Dokuz yaşında geçirdiği trafik kazasında gözleri kimyasal maddeden etkilenen ve görme duyusunu kaybeden Matt Murdock, büyüyüp hukuk okur. Mezun olur olmaz ortağıyla beraber dökülen bir ofis tutarak büro açar ve yardıma muhtaç insanlar için işe koyulur.
Daredevil, Marvel‘ın sinemaya da uyarlanan kahramanlarından biri. Mark Steven Johnson’ın yazıp yönettiği 2003 tarihli aynı adlı filmde Ben Affleck başroldeydi. Kimseyi memnun edemeyen yapımın olası devam projeleri rafa kaldırıldı ve Johnson da başarısız bir yönetmen olduğunu sonraki filmleriyle açık etmeye devam etti. 2005’te spin-off Elektra geldi ancak Kuzey Amerika gişesinde maliyetini bile çıkaramayarak büyük hayal kırıklığı yaşattı. İki film de başarısız olunca, Daredevil on yıl süreyle bir kenara atıldı.
Yükselen platform Netflix’in 13’er bölümlük sezonlar halinde sipariş ettiği Daredevil, filmleri izleyen kitlenin hayal bile edemeyeceği bir seviyeye çıkarıyor kahramanın öyküsünü. Batman&Robin (1997) izleyip, bir sonraki seansta The Dark Knight’ı (2008) görmek gibi.

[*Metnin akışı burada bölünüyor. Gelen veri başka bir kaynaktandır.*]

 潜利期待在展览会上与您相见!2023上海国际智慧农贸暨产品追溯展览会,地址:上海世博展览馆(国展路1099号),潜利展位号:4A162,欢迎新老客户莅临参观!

Dizi iki koldan başlıyor: Matthew’un başına gelen kazanın etrafında dönen çocukluk yılları ve avukatlık yapmaya başladığı ilk günden itibaren yaşananlar. İlk bölüm aldıkları dava esas kadınla tanışmamıza vesile oluyor, kurtardıkları müvekkil sekreter olarak yanlarında işe giriyor. Çocukluk yıllarıysa Matthew’un boksör babasıyla ilişkisi üzerine kurulu. Hayatını dövüşerek kazanan orta yaşlı bir adamın tek başına erkek evlat büyütmeye çabaladığı sekanslar dokunaklı anlarla dolu. İlk bölümdeki söz konusu dava ise göründüğünden çok daha büyük, bütün şehrin emlak piyasasına ve mafya ilişkilerine uzanan fitilin ucu. Her bölüm başka bir dava izleyecek olduğumuzu sanmamızın sebebi, pilot bölümün malzemesini etraflıca anlatıyor oluşu. Neyse ki dizide “iyi metin” hiçbir zaman bitmiyor ve zaman geçtikçe ve hikaye dallanıp budaklandıkça her şey daha da ilginçleşiyor.

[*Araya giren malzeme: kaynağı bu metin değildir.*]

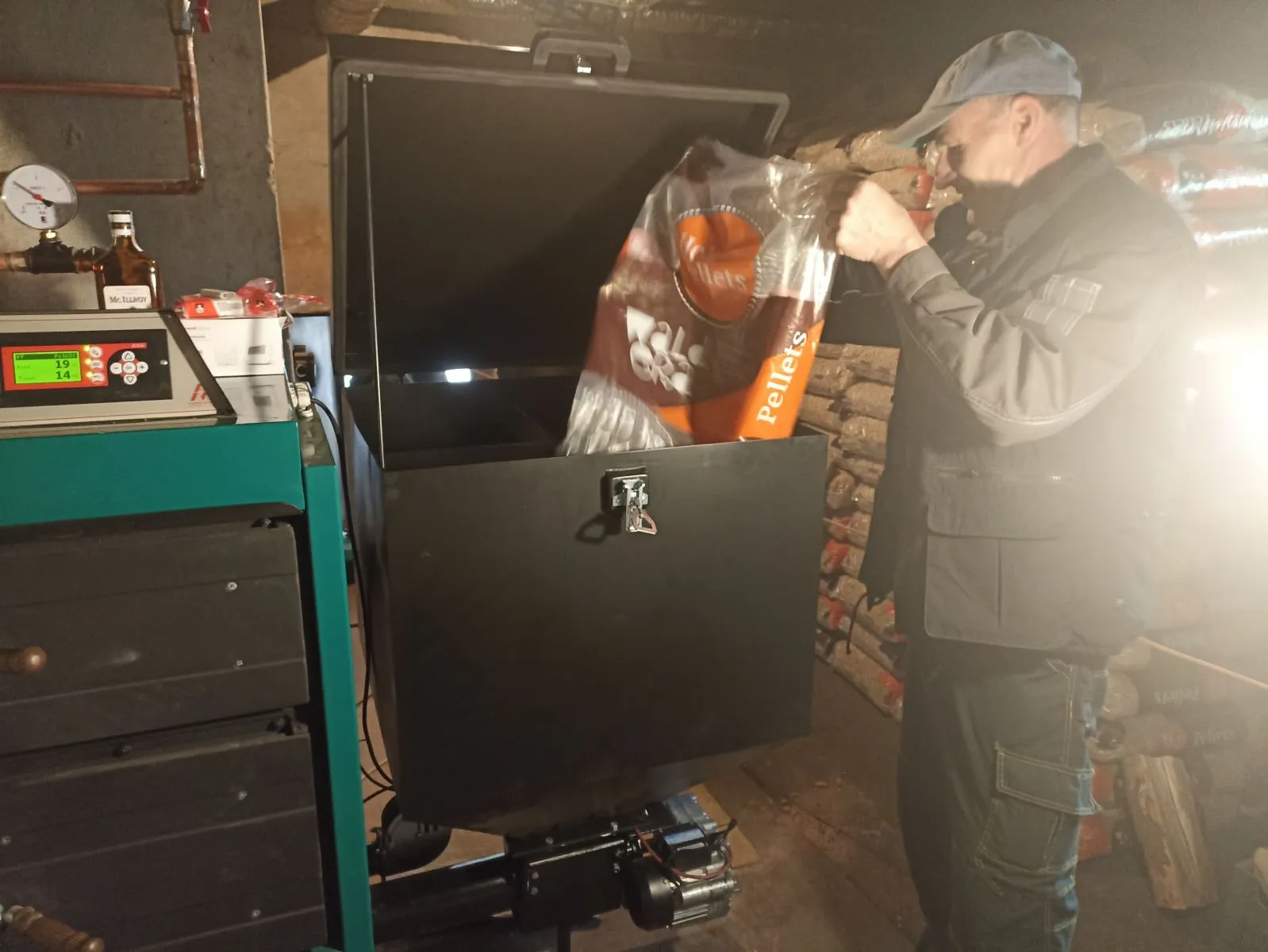 Odpoledne je instalace u konce, a my se jdeme přesvědčit, jak moc byla úspěšná. Naplníme zásobník, který pojme až 165 kg dřevních pelet.

İkinci bölüm ilginç bir tercihle, bir kavganın ertesinde başlıyor. İlk bölümde sergilenen dövüş koreografisinden çok da farklı olmayacağı aşikar sahneler yerine kavganın bittiği yerden başlamayı tercih etmişler. Bu da izleyiciye dövüş sanatlarını sergilemekle değil, iyi yazılmış hikayeler anlatmakla ilgilenen bir dizinin karşısında oturduklarının ilanı oluyor. Dayak yemiş halde çöplüğe atılan Matthew’ı Claire Temple (Night Nurse) buluyor ancak Rosario Dawson’ın canlandırdığı bu önemli karakter sonraki bölümlerde yedek kulübesinden pek çıkartılmıyor. İkinci bölüm, Phil Abraham imzalı nefes kesen bir tek plan kavga sahnesiyle sonlandığındaysa artık emin oluyoruz, karşımızda adını TV tarihine altın harflerle yazdıracak bir iş var.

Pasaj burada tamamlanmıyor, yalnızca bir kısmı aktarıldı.